• [INSTRUCTIONS TO FOLLOW]: Pictures aside, copy exactly the lines running from the one with "Refined sparkle with" to the end of the records.

=== RECORDS SHOWN ===

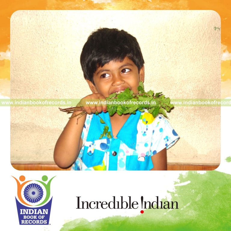 Eating Fresh Green Leaves lasted for 25 minutes and a total of 250 grams of green leaves were eaten. It was accomplished by Chintapatla Kushi in St Ann's High School, Secunderabad, Andhra Pradesh, India on November 26, 2006.
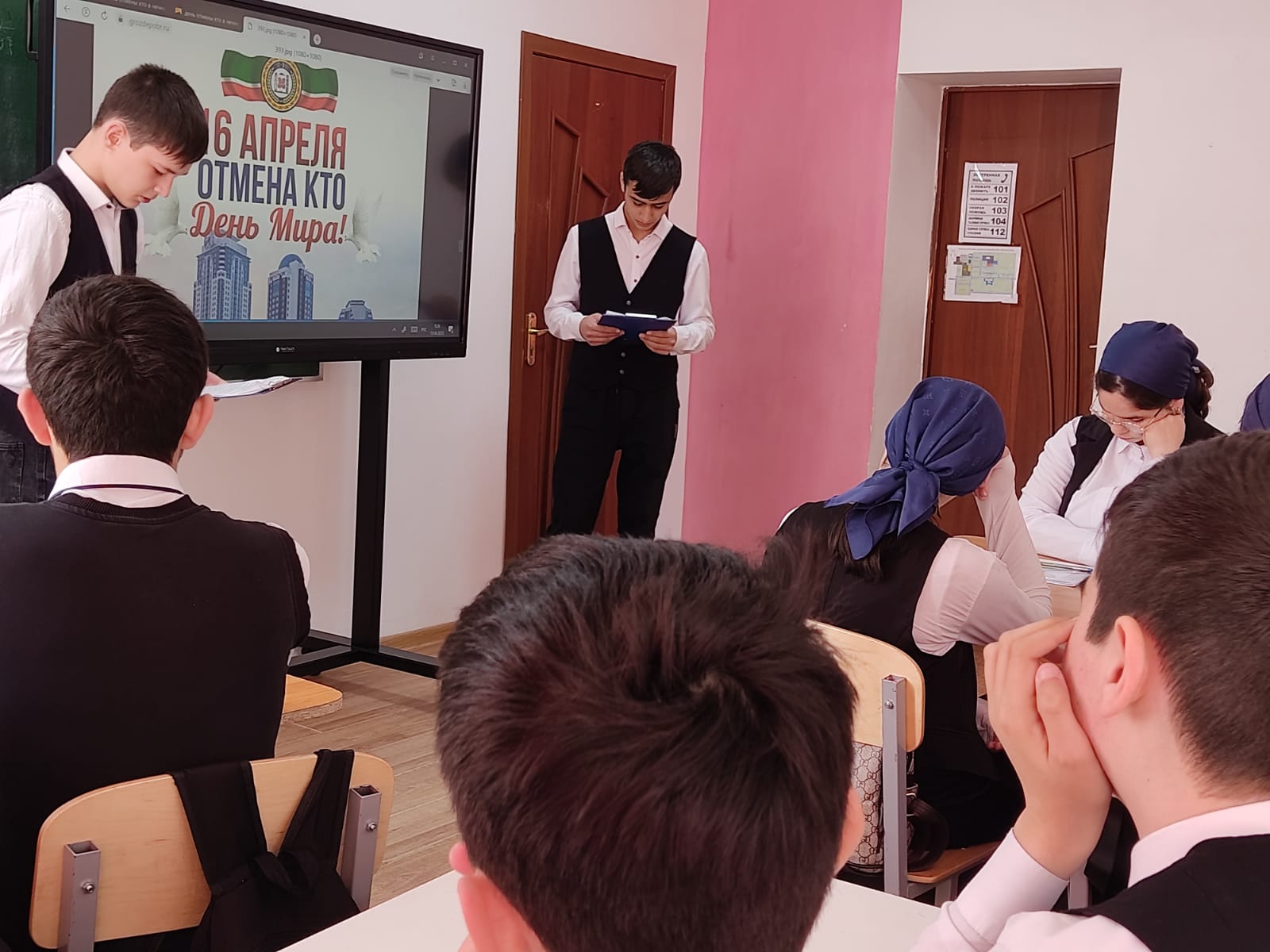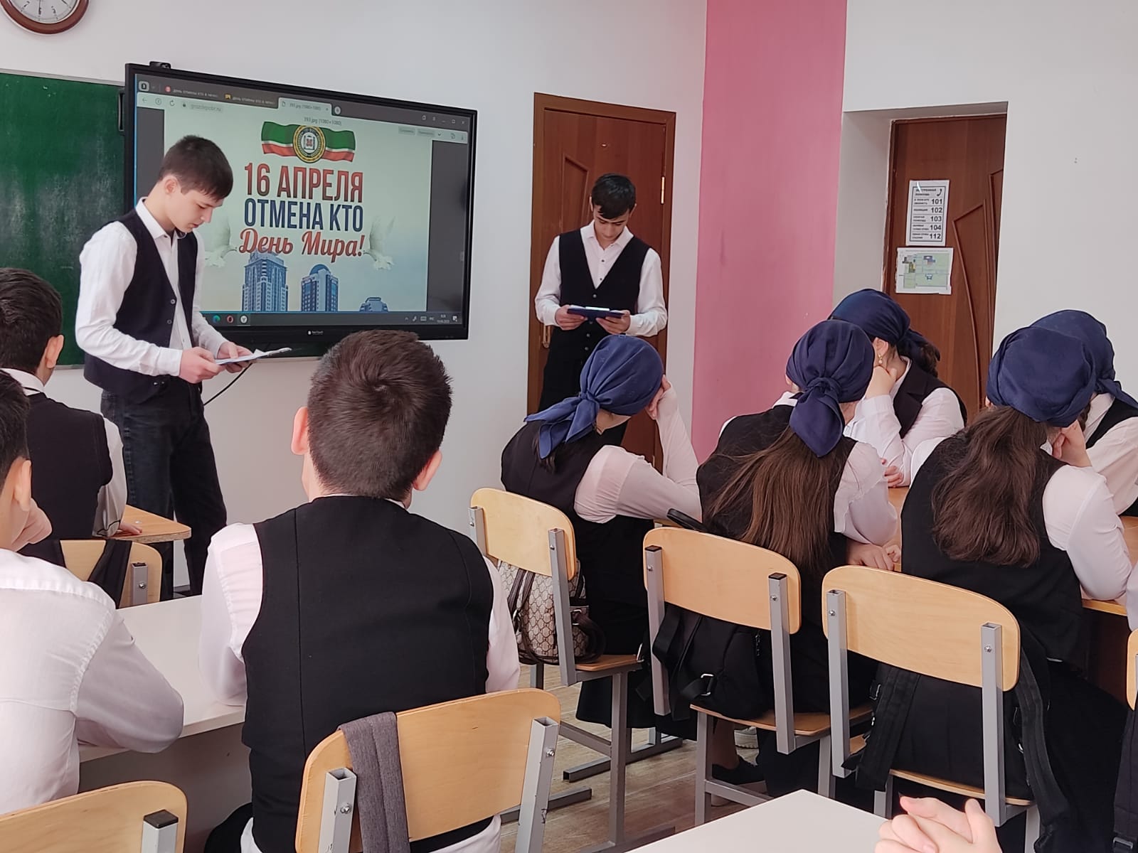19 апреля 2023 года с учащимися 8 а класса заместитель директора по воспитательной работы Роза Лемовна провела видео-лекторий на тему: «Отныне и навсегда 16 апреля – День мира на чеченской земле». Мероприятие направлено на информирование подрастающего поколения о важности этой даты, значимости отмены КТО, о событиях тех лет, которые способствовали возвращению жизни Чеченской Республики в мирное русло.
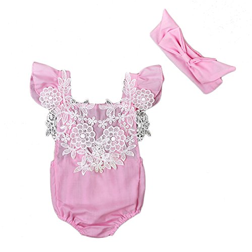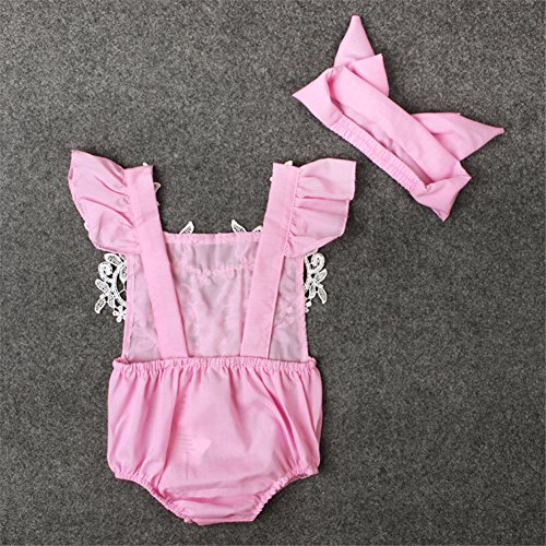 PER ベビー服 カバーオール ロンパース 夏装 子供服 ロンパース&ヘッドバンド 2点セットレース 花柄 ベビー 幼児 女の子 (100)
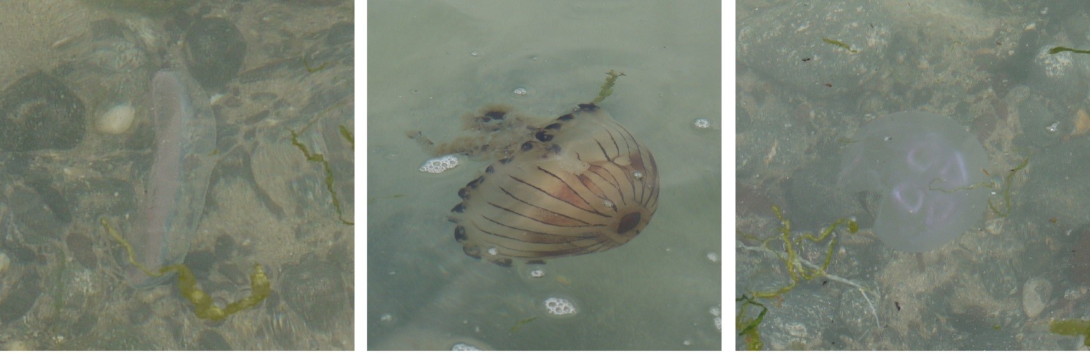 Small swarm (10ish) of compass jellyfish in shallows and washing-up. Two Aurelias. One Aequorea with unusual pink coloration (ones I've found have always been crystal-clear - different species?).
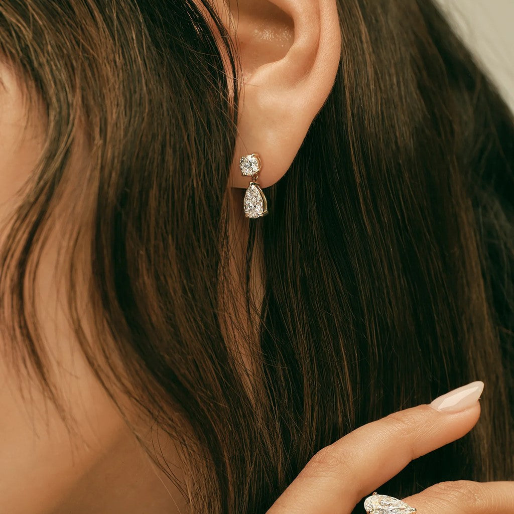 Refined sparkle with graceful movement. These elegant earrings feature a round moissanite stud paired with a pear-cut drop, delicately set in polished gold. Designed to catch the light with every turn, they bring timeless brilliance and feminine elegance to both everyday wear and special occasions.
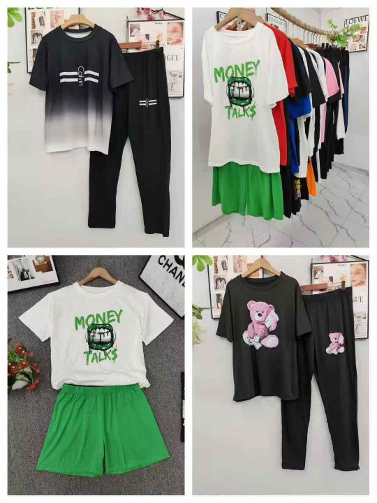 数量13200套,码数S一5XL,190克牛奶丝磨毛面料,面料柔软高弹力,全部独立包装,有长裤长袖套装,有长裤短袖套装,有短袖短裤套装,图案多,整杂图案,500起分货➕1
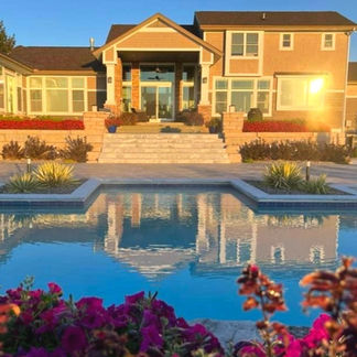 Installation 6-8 Weeks | Imagine Pools Bliss 35' in Storm Grey with Auto-Cover, Techo-Bloc Blu Grande Pavers with Onyx Black Border, Marble Pool Coping, Two Bubblers, Aluminum Pool Fencing with Two Gates, 11' x 15' Putting Green, Landscaping with Lighting, Small Graphix Retaining Wall, 14' x 25' Toja Grid Pergola, Cover Your Pergola Apollo Roof Structure, Stairs with Techo-Bloc Landing

===

• [RESULT BELOW]:
 Refined sparkle with graceful movement. These elegant earrings feature a round moissanite stud paired with a pear-cut drop, delicately set in polished gold. Designed to catch the light with every turn, they bring timeless brilliance and feminine elegance to both everyday wear and special occasions.
 数量13200套,码数S一5XL,190克牛奶丝磨毛面料,面料柔软高弹力,全部独立包装,有长裤长袖套装,有长裤短袖套装,有短袖短裤套装,图案多,整杂图案,500起分货➕1
 Installation 6-8 Weeks | Imagine Pools Bliss 35' in Storm Grey with Auto-Cover, Techo-Bloc Blu Grande Pavers with Onyx Black Border, Marble Pool Coping, Two Bubblers, Aluminum Pool Fencing with Two Gates, 11' x 15' Putting Green, Landscaping with Lighting, Small Graphix Retaining Wall, 14' x 25' Toja Grid Pergola, Cover Your Pergola Apollo Roof Structure, Stairs with Techo-Bloc Landing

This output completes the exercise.